The country is basking in a heatwave, and I am at the laptop trying to write the Victoria Christmas special. I put on some carols for atmosphere and wonder whether a mince pie would help.
It doesn’t. For inspiration, I look at Victoria’s own watercolours of Christmas at Windsor. Albert wanted to recreate the Christmases of his Coburg childhood and he put up a tree for each of their nine children, hanging them from the ceiling with tables, called altars, for presents underneath. For all their cosy, domestic image Victoria and Albert, weren’t afraid of a little bling.
An email from Mammoth, the company that makes Victoria, summoning me to a conference call. I have worked in factual TV for 30 years and can count the conference calls I have made on my fingers.
But since I joined the esoteric cult that is TV drama, I find that the conference call where one party is inevitably on top of a mountain or is a really heavy breather has become an almost daily occurrence.
For the sake of my blood pressure, I have learnt to put the calls on speaker and to practise sun salutations while others talk.
This call is about the production implications of the Christmas Special. Can we really achieve a frozen lake in August? I am attempting, unsuccessfully, to hold a crow pose, when we decide that it is possible to erect a skating rink outside the aircraft hanger that we call Buckingham Palace.
There are times when I am in awe of the power of my words to cause mayhem. But then, a Christmas special wouldn’t be special without a skating rink, a parrot and nine hanging trees covered in authentic Victorian gingerbread.
When I tell my teenage daughter about the show, she says: “It had better be good, Mum. There is nothing worse than a duff Christmas special.”
My hairdresser sighs and says: “I don’t envy you the responsibility.”
The producer asks hopefully: “Will anybody die, as our cast budget is pretty much spent?”
I start looking at flights to places with no broadband for the festive period.
I am flying to Los Angeles for the Television Critics Association’s biannual bash, where shows are presented to the American press. At home, the writer just shows up, talks and then goes home on the Tube.
In LA, even the writer has their own make-up artist.

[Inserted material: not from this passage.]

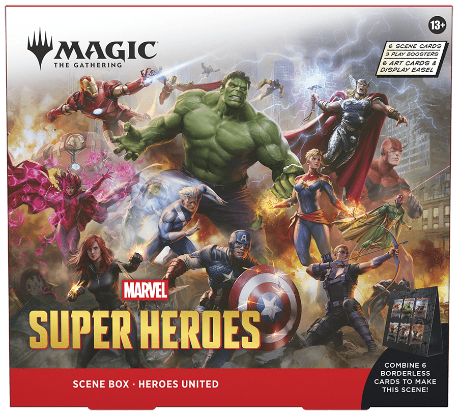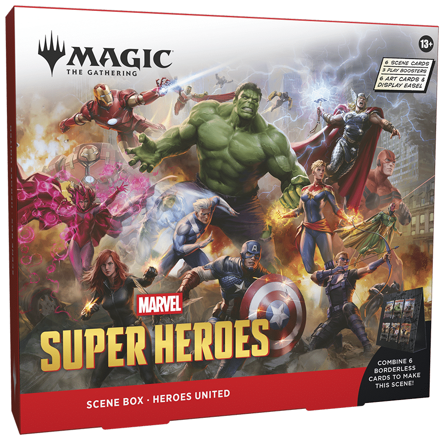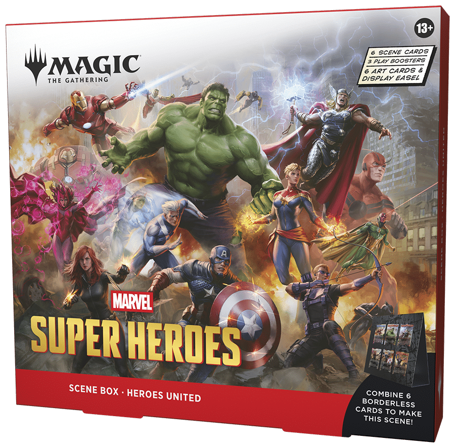 Immortala conflitti epici con una Scene Box di Magic: The Gathering | Marvel Super Heroes. Potenzia il tuo mazzo o la tua collezione con sei tradizionali carte scena foil senza bordo. Ogni carta scena è una carta di Magic giocabile (testo di gioco incluso), ma questa scatola contiene anche sei carte solo illustrate che ti permettono di ammirare la scena in tutto il suo splendore e di esporla sul cavalletto incluso! Ogni Scene Box include tre Play Booster; il modo migliore per scoprire cosa Magic ha da offrire, sono perfette per costruire mazzi, giocare con gli amici e sono divertentissime da aprire.

Mine is a Native American who loves Victoria; he is disappointed that I haven’t brought a tiara.
I pontificate for hours about my inspiration for Victoria (a mixture of her diaries, my teenage daughter and a lifetime’s passion for queens) and then am accosted by an American journalist who asks me if Victoria is the mother of Elizabeth II.
I worry sometimes that there are no surprises in Victoria, that the plots are all there in Wikipedia, so I find this rather cheering.

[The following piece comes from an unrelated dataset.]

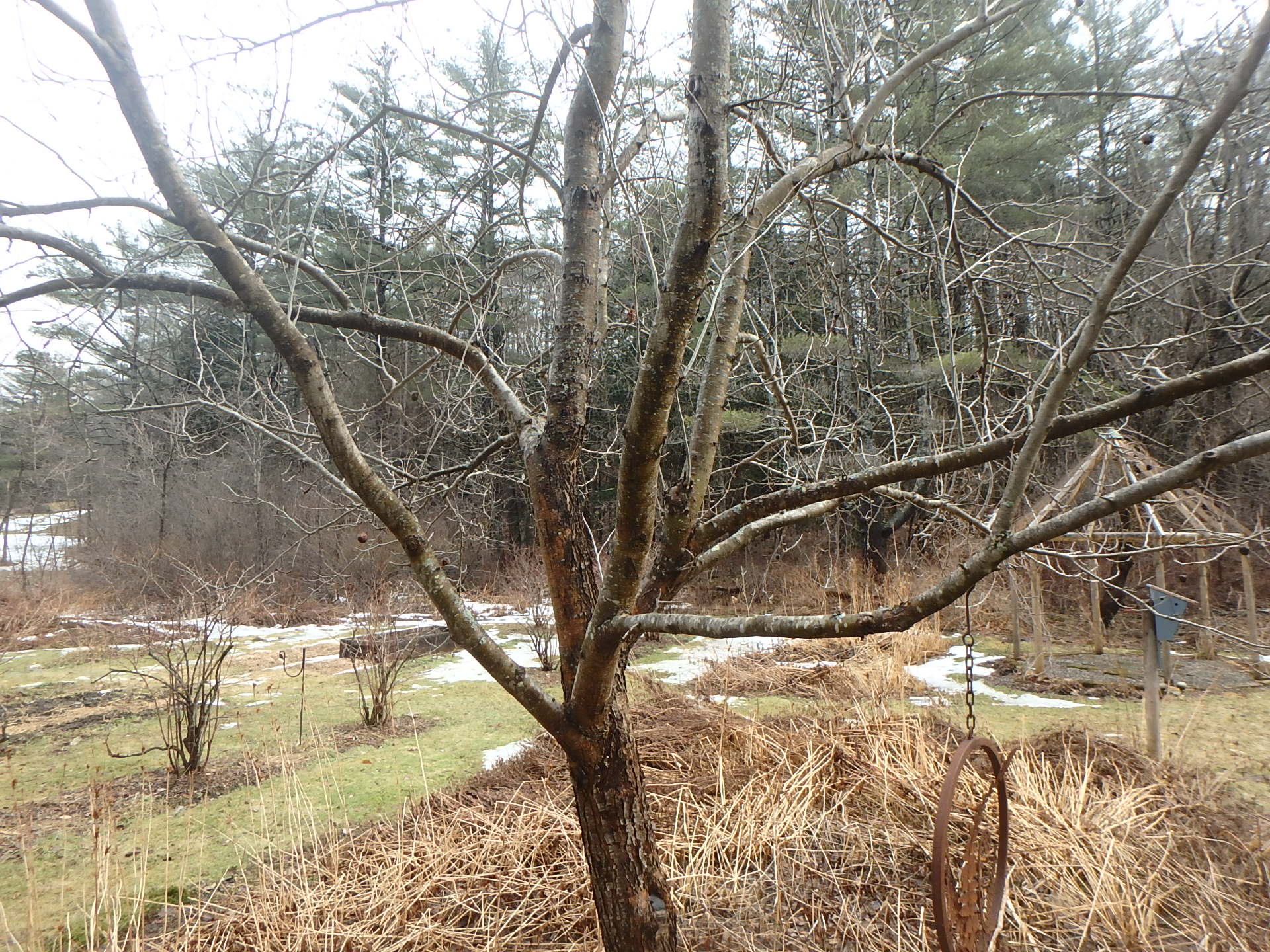 Other branches that need to be removed? Any branch that heads back through the middle of the tree. If two branches form a tight “V”, remove one of them. Otherwise they will grow together and “include” bark that will rot, and can rot the wood. If two branches parallel each other, one shades the other, so remove the least desirable branch.

Killing time at the airport, I have a look at my new favourite Facebook page, “For the love of Vicbourne”, where viewers have created a parallel universe in which Victoria and Lord Melbourne confound history and consummate their relationship in some very steamy fan fic.
There isn’t much sex in Victoria. I am a great believer in the erotic power of suggestion, but it is clear that my viewers have no trouble at all in filling in what happens next.
My older daughter is now my writing partner and, after a dinner where we talk about the best way of dramatising the Charge of the Light Brigade with 10 extras and some iffy CGI, my husband groans: “Now I know how Prince Charles feels. Isn’t it time that Victoria abdicated?”
Daisy Goodwin is a writer and producer.